Regex Match Mode

Use regex match mode to enrich data using regular expression patterns in the lookup table.

When to Use Regex Match

Use regex match mode when you need flexible pattern matching that other modes can’t provide. The lookup table contains regular expression patterns, and the processor tests each pattern against your data. This works well for:

  • Log level detection (.*ERROR.*, .*WARN.*)
  • Structured patterns (\d{4}-\d{2}-\d{2} for dates)
  • Complex string patterns with optional parts
  • Multiple variations of the same concept

Regex matching is more computationally expensive than other modes. Use simpler modes (exact, prefix, suffix, contain) when possible.
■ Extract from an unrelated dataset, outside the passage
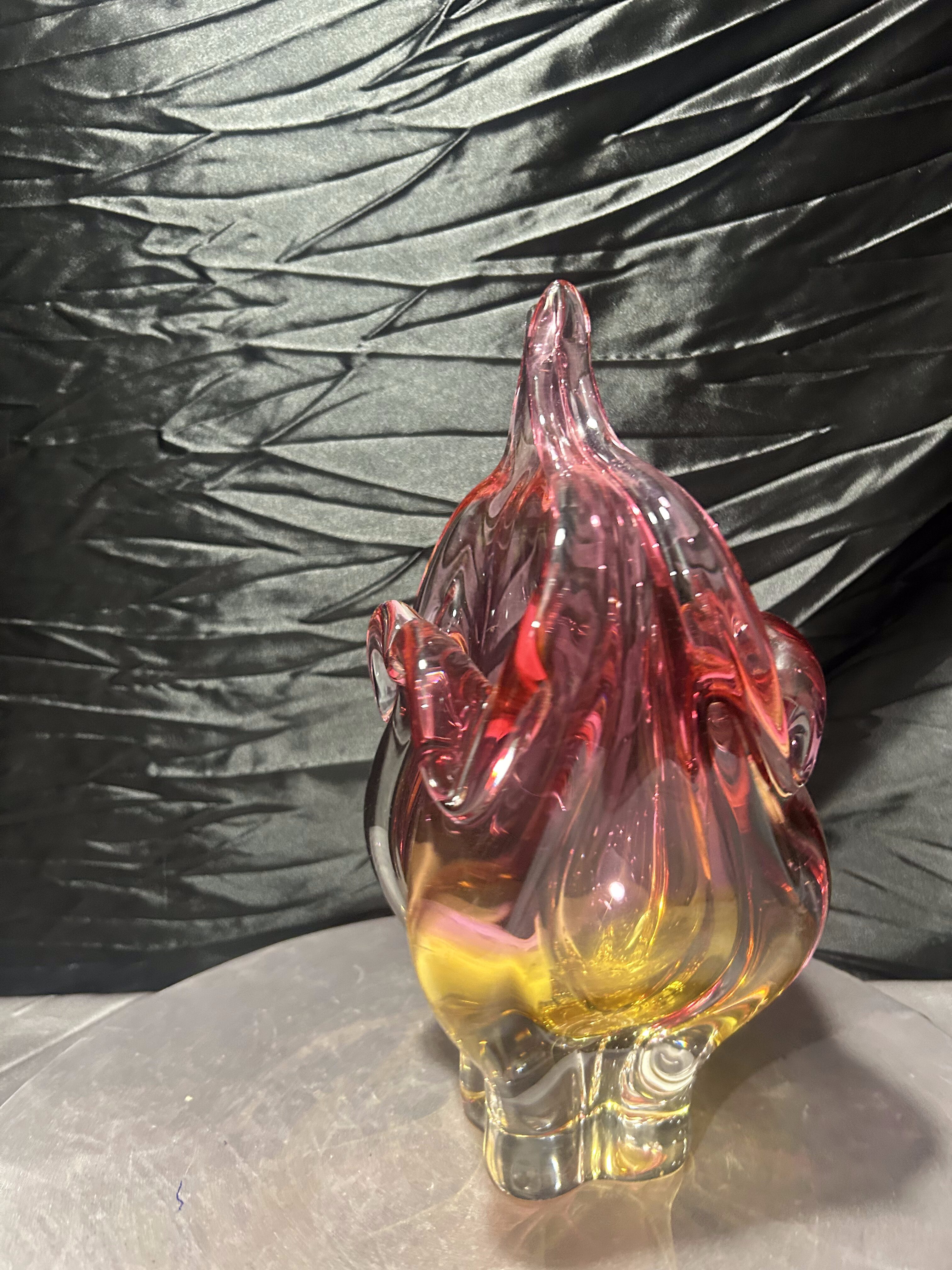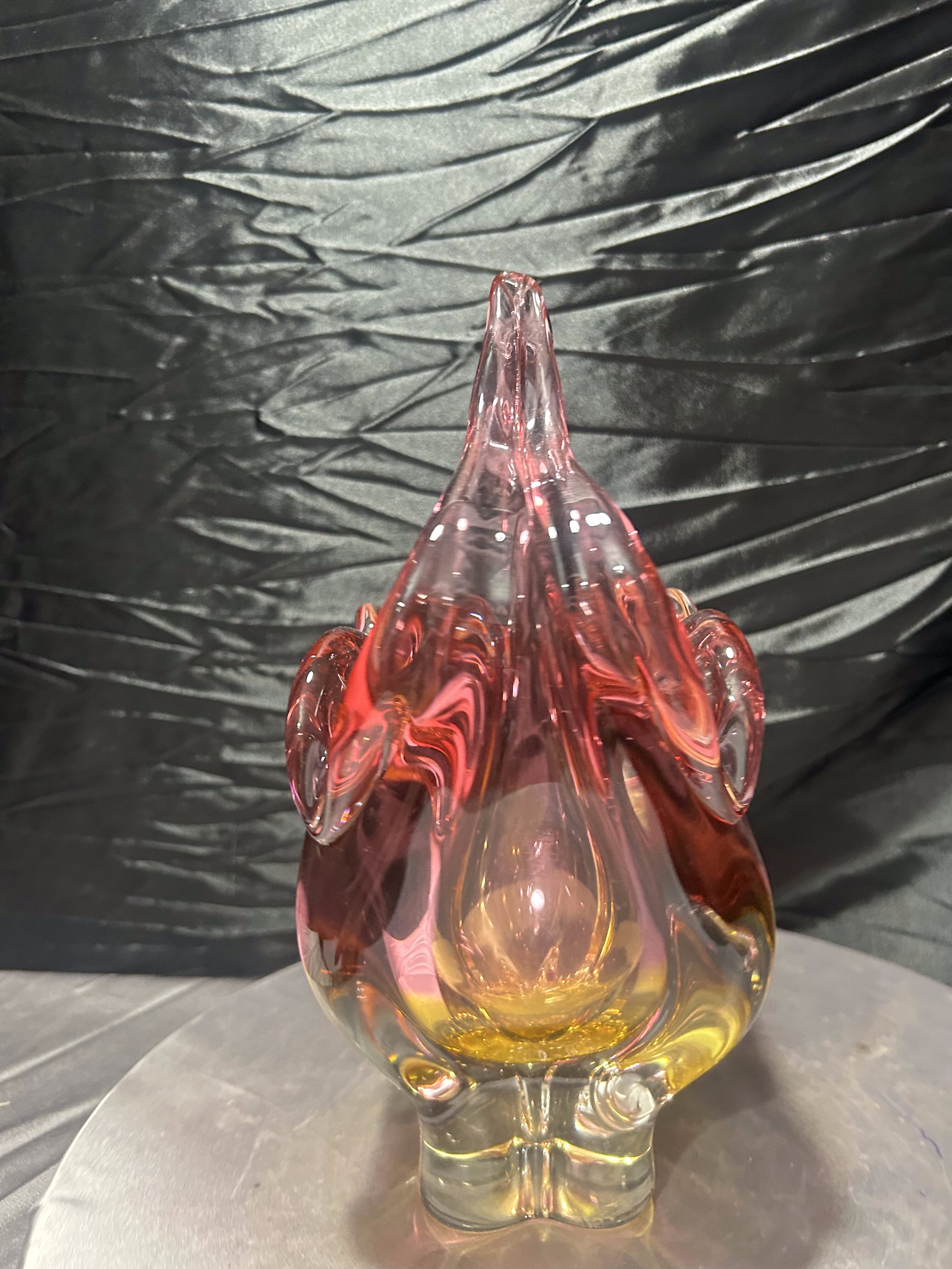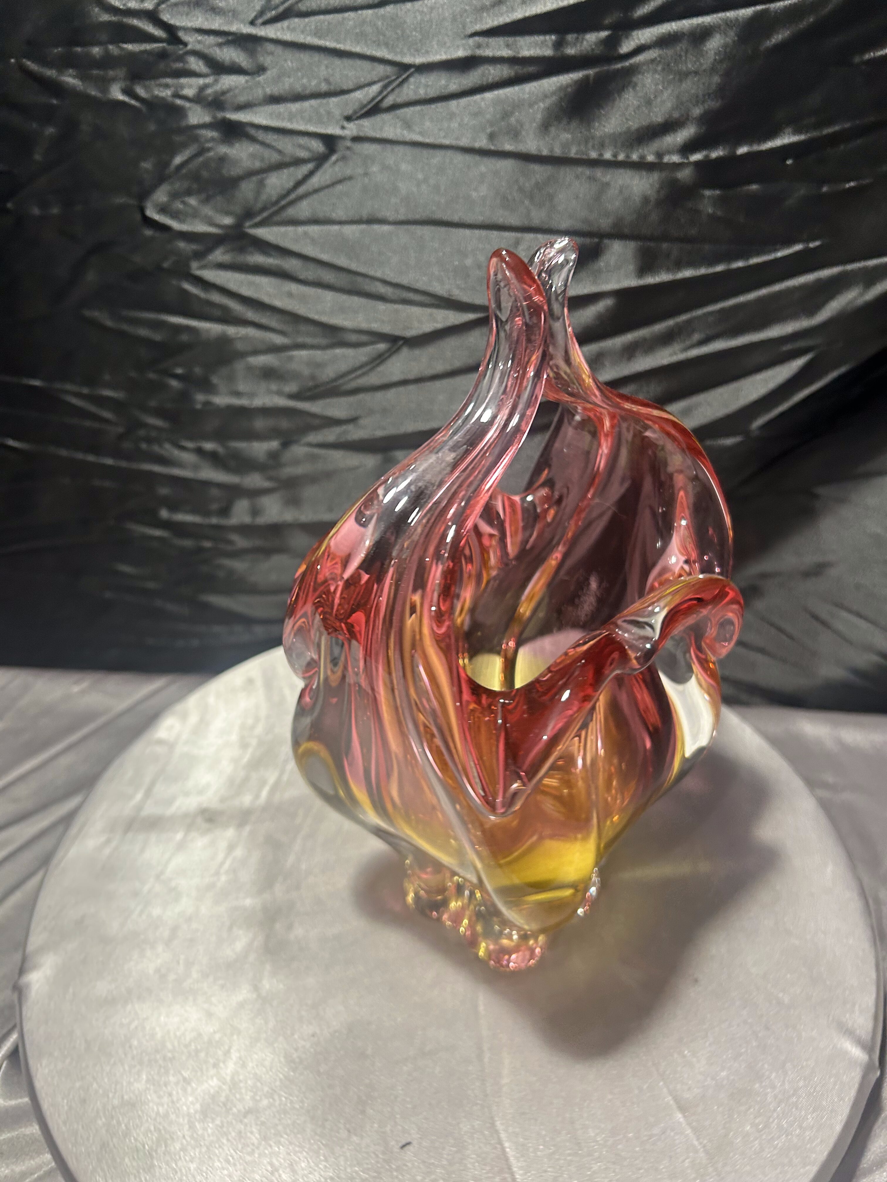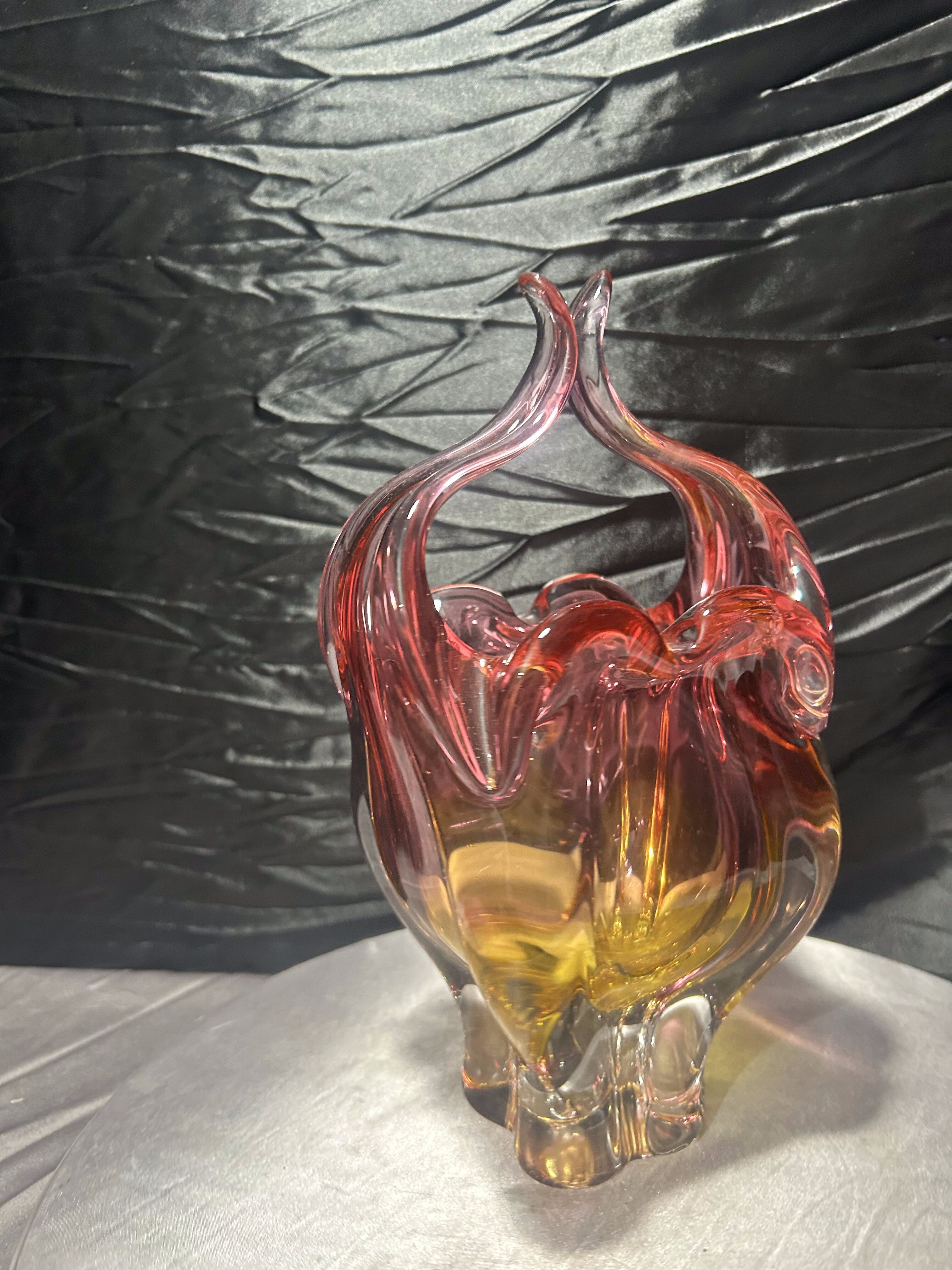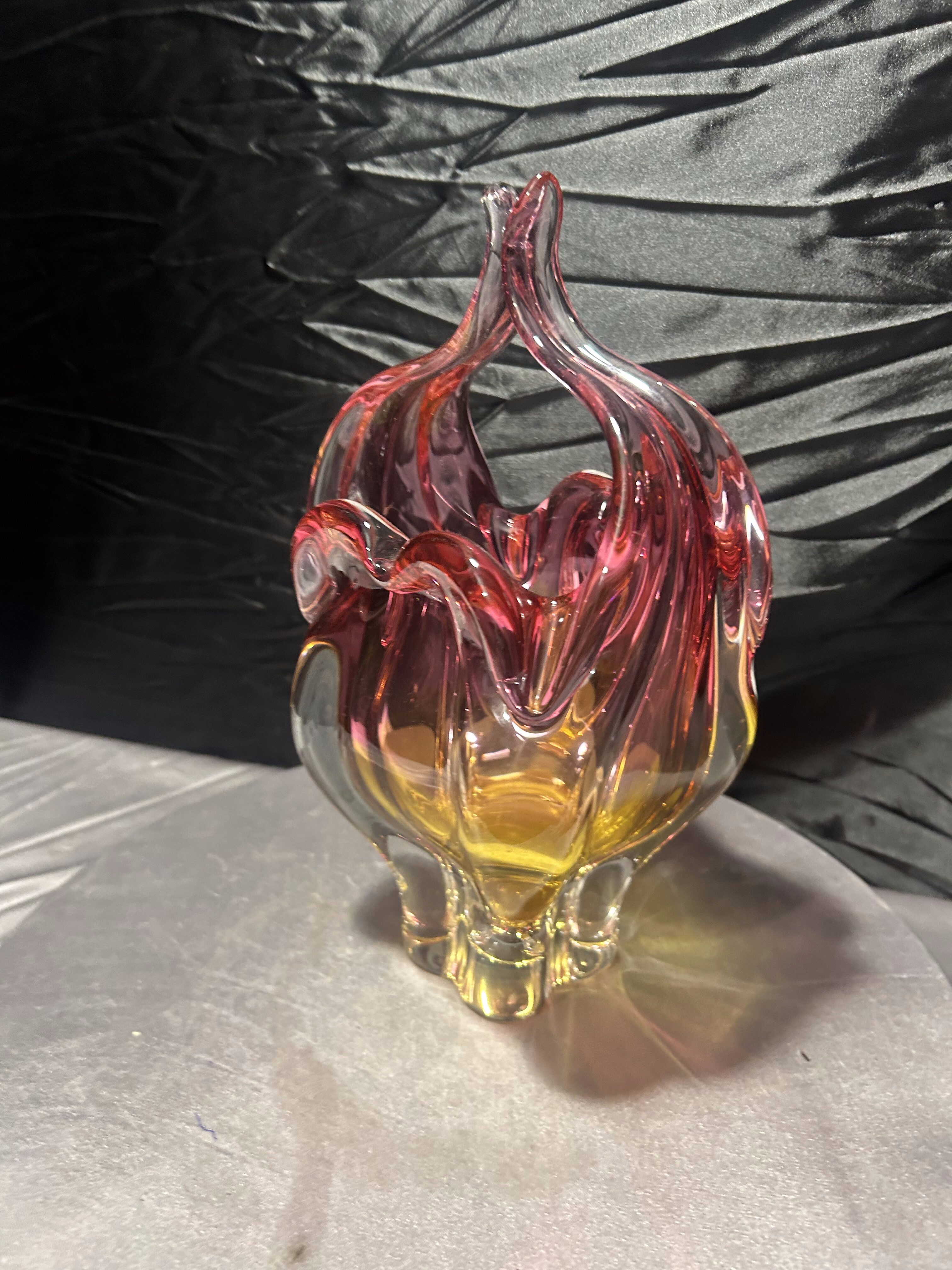To wyrazisty przykład czeskiego designu lat 60–70. Rzeźbiarska forma, bogata kolorystyka i masywna konstrukcja sprawiają, że wazon stanowi zarówno efektowną dekorację, jak i wartościowy element kolekcji szkła artystycznego.

Example: Classifying Logs by Level

Logs from different applications may format levels differently. Regex patterns can match variations like ERROR, [ERROR], level=error, etc.

Lookup Table

Upload this CSV to the Knowledge Library as log_patterns.csv:

pattern,severity,category,alert_priority
.*\bERROR\b.*,critical,error,P1
.*\bWARN(ING)?\b.*,warning,warning,P2
.*\bINFO\b.*,info,informational,P4
.*\bDEBUG\b.*,debug,debug,P5
.*Exception.*,critical,exception,P1
.*timeout.*,high,timeout,P2

The following screenshot shows the lookup table in the Knowledge Library.

Screenshot Screenshot

The \b ensures word boundaries, so ERROR matches but ERRORS in MYERRORS doesn’t.

Input Data

A log arrives with a message containing error information:

{
  "body": "2026-01-27T10:30:45.000Z ERROR Connection to database failed: timeout after 30s",
  "attributes": {}
}

Configuration

- name: regex_match_lookup
  type: sequence
  user_description: Log Pattern Classification
  processors:
  - type: lookup
    metadata: '{"id":"regex-match-lookup","type":"lookup","name":"Regex Match - Log Patterns"}'
    data_types:
    - log
    location_path: ed://log_patterns.csv
    reload_period: 1m0s
    match_mode: regex
    key_fields:
    - event_field: body
      lookup_field: pattern
    out_fields:
    - event_field: attributes["log_severity"]
      lookup_field: severity
    - event_field: attributes["log_category"]
      lookup_field: category
    - event_field: attributes["alert_priority"]
      lookup_field: alert_priority

The following screenshot shows the lookup processor configured in a pipeline.

Screenshot Screenshot

Output Data

The log matches the .*\bERROR\b.* pattern:

{
  "body": "2026-01-27T10:30:45.000Z ERROR Connection to database failed: timeout after 30s",
  "attributes": {
    "log_severity": "critical",
    "log_category": "error",
    "alert_priority": "P1"
  }
}

How Regex Matching Works

Unlike other match modes where the event field is compared to lookup values, regex mode treats the lookup field as a pattern that is tested against the event field:

Event Field ValueLookup PatternMatch?
ERROR: Connection failed.*ERROR.*Yes
2024-01-15 WARN disk full.*\bWARN(ING)?\b.*Yes
2024-01-15 WARNING disk full.*\bWARN(ING)?\b.*Yes
INFO request completed.*ERROR.*No
NullPointerException at line 42.*Exception.*Yes

Matching Multiple Patterns

By default, regex_option: first stops after the first matching pattern. To find all matching patterns, use regex_option: all with append_mode: true:

- type: lookup
  name: Multi-Pattern Classification
  match_mode: regex
  regex_option: all
  key_fields:
  - event_field: body
    lookup_field: pattern
  out_fields:
  - event_field: attributes["categories"]
    lookup_field: category
    append_mode: true

The log "ERROR Connection timeout" would match both .*ERROR.* and .*timeout.*, resulting in categories: "error,timeout".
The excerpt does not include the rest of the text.